Deploy an agent. Use their Python or TypeScript SDK to deploy an agent that calls models through the AI Gateway and tools through the MCP Gateway.
Add guardrails. Enable PII detection and prompt injection prevention. Test with adversarial inputs.

For self-hosted deployment, install the tfy-agent on your Kubernetes cluster and connect it to the control plane. TrueFoundry handles orchestration; your cluster handles compute.

When TrueFoundry Is the Right Choice

You’re building AI agents that need to call internal tools. The MCP Gateway solves the hardest part — secure, governed, auditable tool access. Without it, you’re building custom integrations and managing credentials yourself.
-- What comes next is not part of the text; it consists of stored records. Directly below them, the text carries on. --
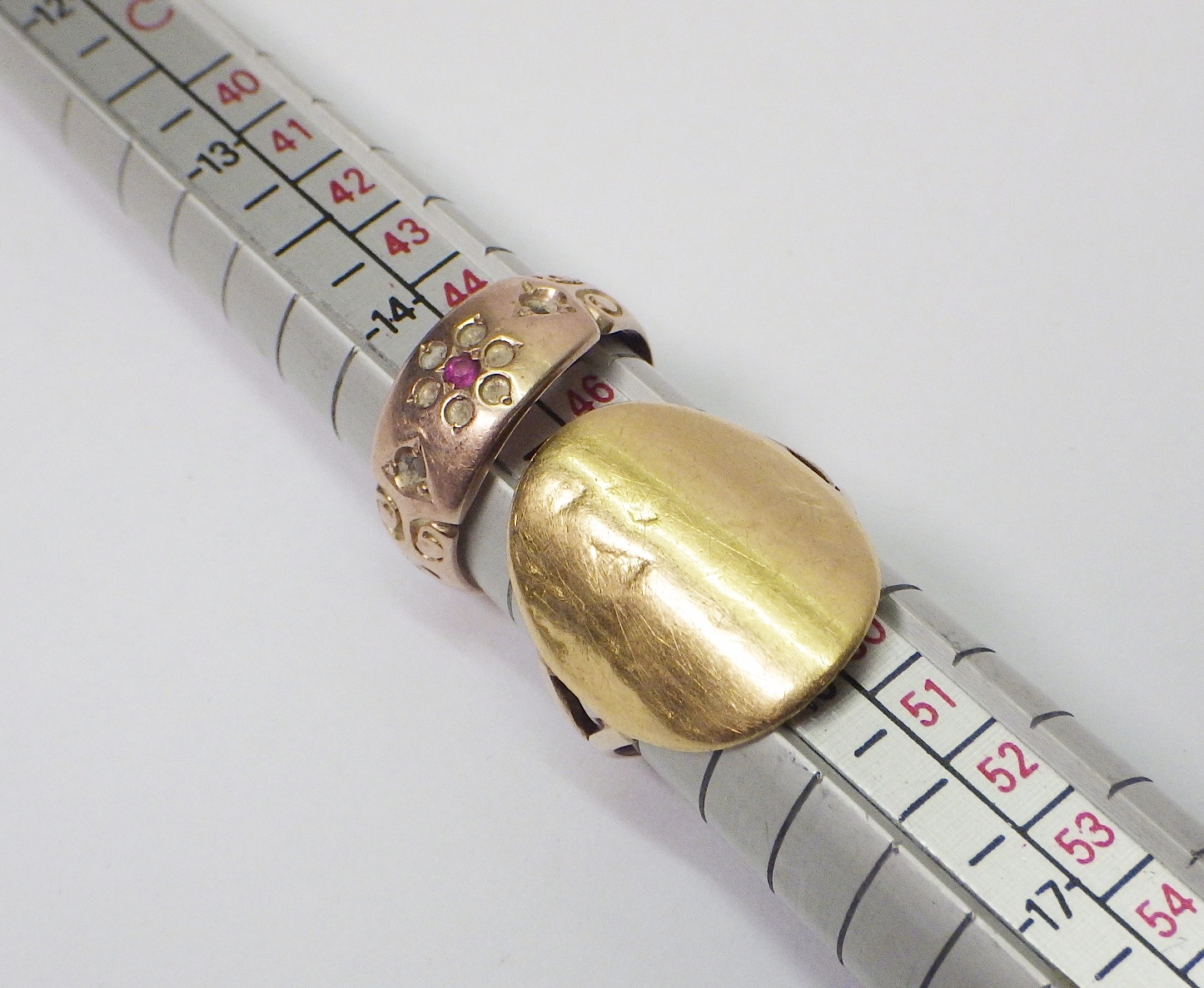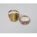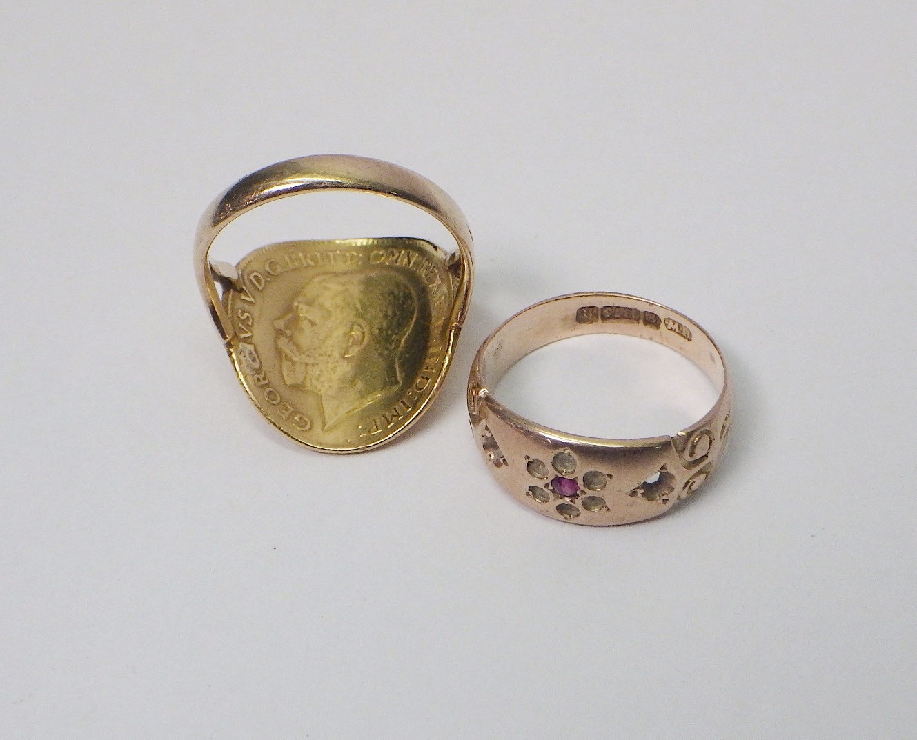 A George V half sovereign ring, heavily worn, 4.5g gross; a 9ct gold ring, a/f stones lacking, 2.5g. (2)
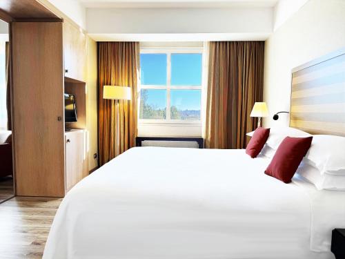 Surrounded by landscaped gardens, Sheraton Rome Parco de Medici features a 27-hole golf course and an outdoor pool. It is 10 km from Fiumicino Airport and 5 minutes' drive from Rome's A90 ring road. Rooms come with modern or classic furnishings, some of them handcrafted. All air conditioned, they offer satellite TV and views of the gardens, the pool or the golf course. Free WiFi is available throughout the entire property. Sheraton Rome Parco de Medici consists of a number of buildings across the green grounds. There are 8 individually decorated restaurants and bars serving international cuisine and cocktails. Wi-Fi is free in the lobby and shared areas. The hotel is located just outside Rome’s E.U.R. district,13 km from the historic centre. Friendly staff at the 24-hour reception can provide tourist information, and organise shuttle services to the airport and the city centre.
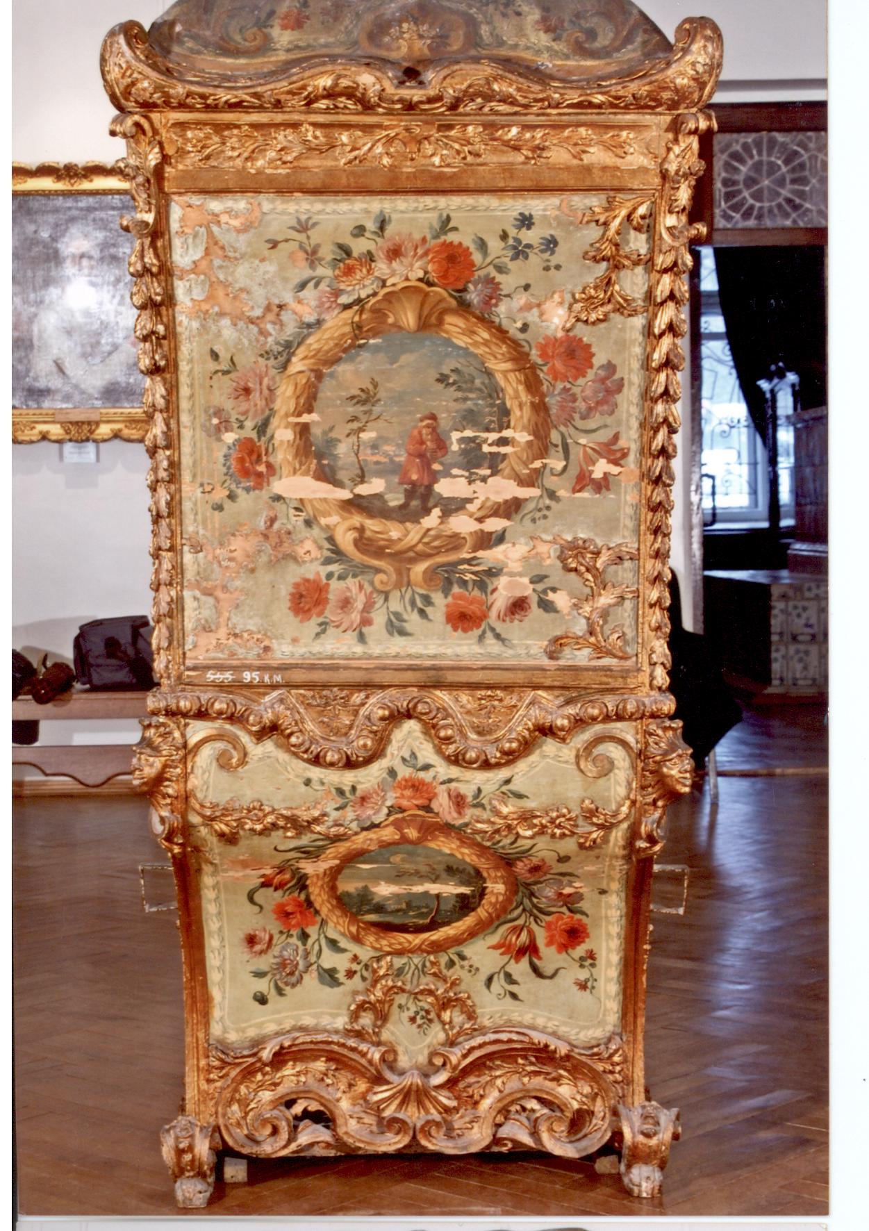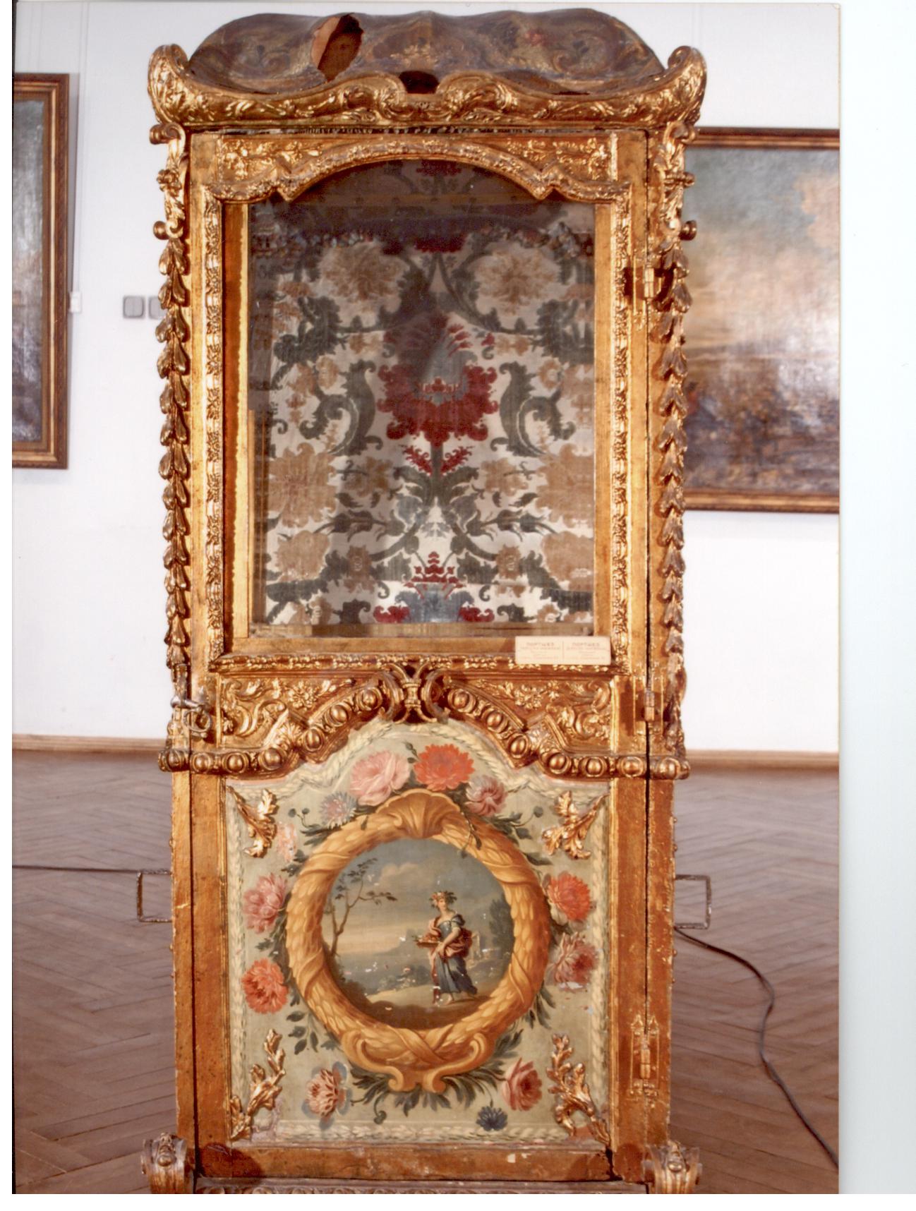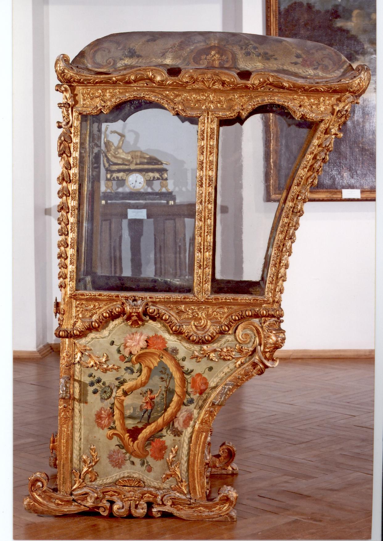 Додаток до назва (лист, ...): Портшез у вигляді пагоди з вигнутою спинкою; обрамлення двері, спинки, вікон, балдахіну прикрашені різьбленням та позолочені. На стінках, унизу під вікнами – живопис: на світло-зеленому тлі фігурні медальйони із зображенням жінок./Кількість: 1
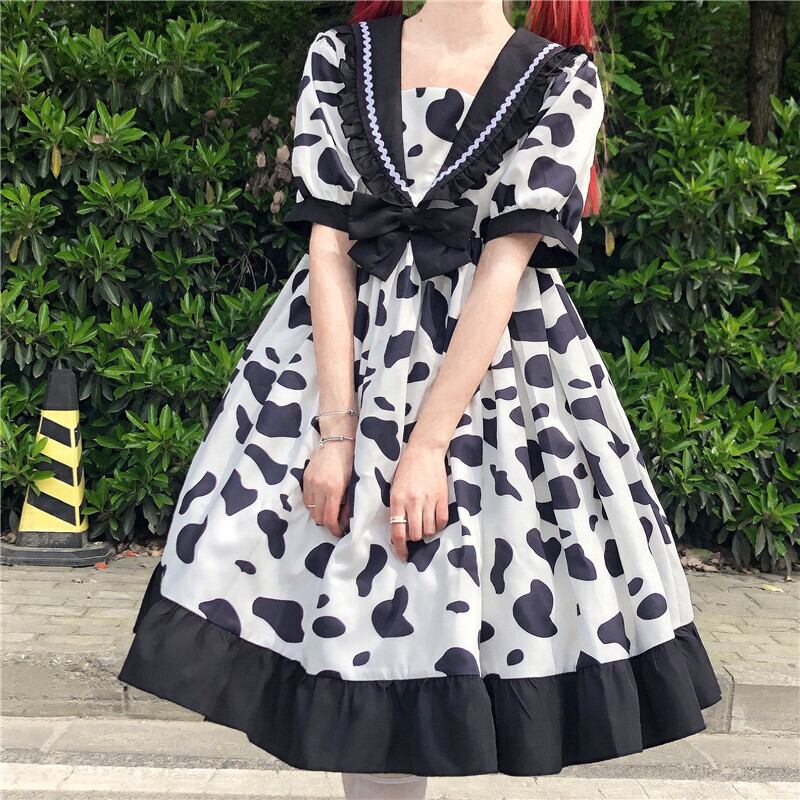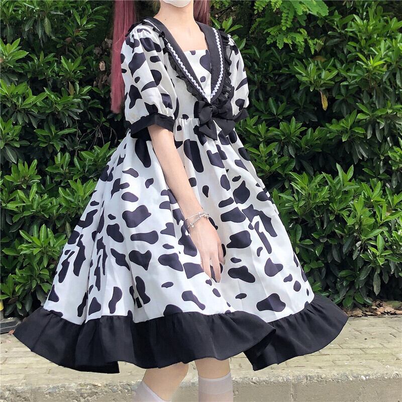 送料無料୨♥୧ 2021eseサマーレディースロリータドレス 船乗りカラーリボン牛プリント可愛いフリルのパーティー AOS79402354072
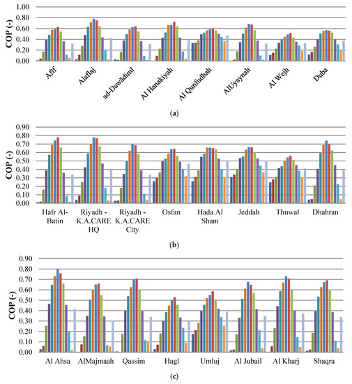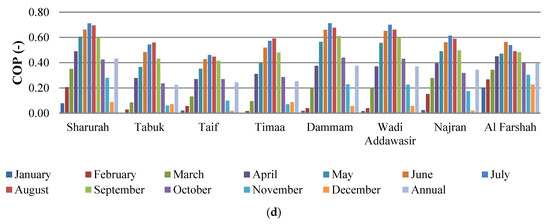 Monthly variations of coefficient of performance for (a) Afīf, Alaflaj, ad-Dawādimī, Al Hanakiyah, Al Qunfudhah, AlUyaynah, and Al Wejh, Duba; (b) Hafr Al-Batin, Riyadh—K.A. CARE HQ, Riyadh—K.A. CARE City, Osfan, Hada Al Sham, Jeddah, Thuwal, and Dhahran; (c) Al Ahsa, AlMajmaah, Qassim, Hagl, Umluj, Al Jubail, Al Kharj, Shaqra; (d) Sharurah, Tabuk, Taif, Timaa, Dammam, Wadi Addawasir, Najran, and Al Farshah.
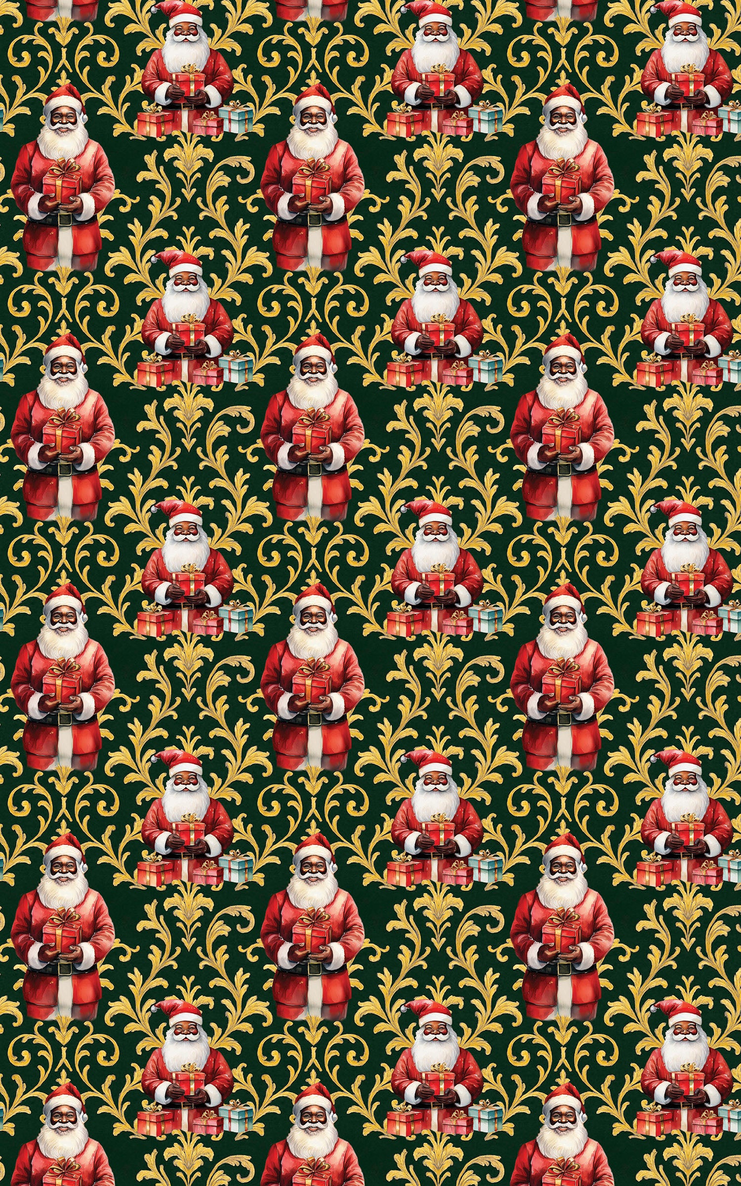 Santa’s dressed to impress in a swirl of deep navy and shining gold, bringing holiday grandeur with every step. Holding a gleaming gift wrapped in metallic tones, this regal pattern captures the magic of Christmas at its most elegant. Perfect for wrapping presents that deserve a touch of luxury and sparkle this season—because Santa’s not just delivering joy, he’s delivering it in style.
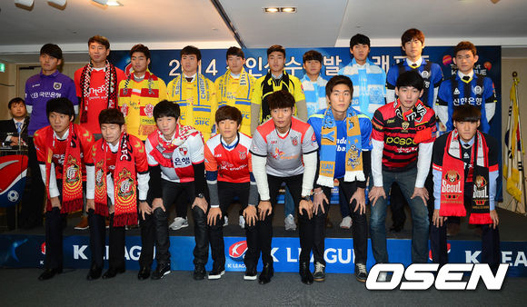 10일 오후 서울 신문로 축구회관에서 열린 2014년도 K리그 신인선수 지명 드래프트에서 구단 자유선발선수들이 기념촬영을 갖고 있다. 앞줄 왼쪽부터 우주성-송수영(경남), 홍동현(부산), 류승우-김경민(제주), 김용진(울산), 김진영(포항), 심상민(서울). 뒷줄 왼쪽부터 구대영(안양), 박종오(부천), 권수현(광주), 이민우-곽해성(성남), 안용우(전남), 금교진-박성용(대구), 김도혁-김대중(인천).
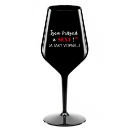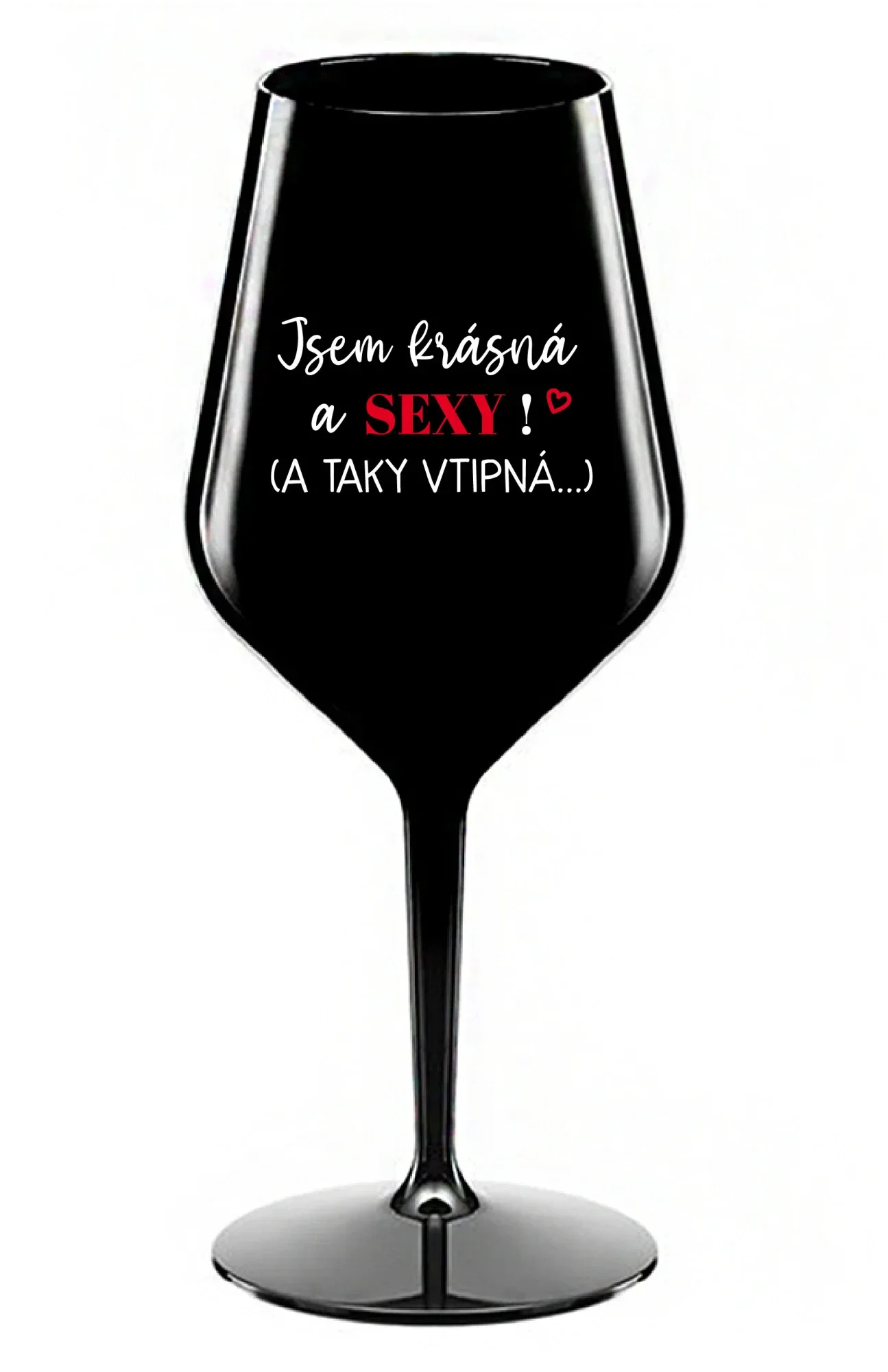 JSEM KRÁSNÁ A SEXY! (A TAKY VTIPNÁ...) - černá nerozbitná sklenice na víno 470 ml
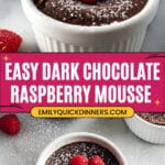 I love experimenting with this Dark Chocolate Raspberry Mousse Cakes Recipe depending on the season or occasion. You can easily make it your own by switching up flavor accents or adding your favorite mix-ins.

You need data to stay in your environment. Regulated industries, sensitive data, government contracts — anywhere data residency matters. TrueFoundry deploys inside your perimeter.

You’re running multiple models across multiple providers. The AI Gateway normalizes the interface, handles failover, and gives you cost visibility. One API to rule them all.

You want guardrails without building them. PII detection, prompt injection prevention, content safety, and custom rules — all configurable, all enforced at the gateway level before your application ever sees the data.

If you’re building a simple chatbot that calls one model with no tools, TrueFoundry is overkill. Use the API directly. But the moment your AI needs to interact with your systems — read from databases, call internal services, manage documents, access customer data — the governance layer isn’t optional. TrueFoundry provides that layer without making you build it.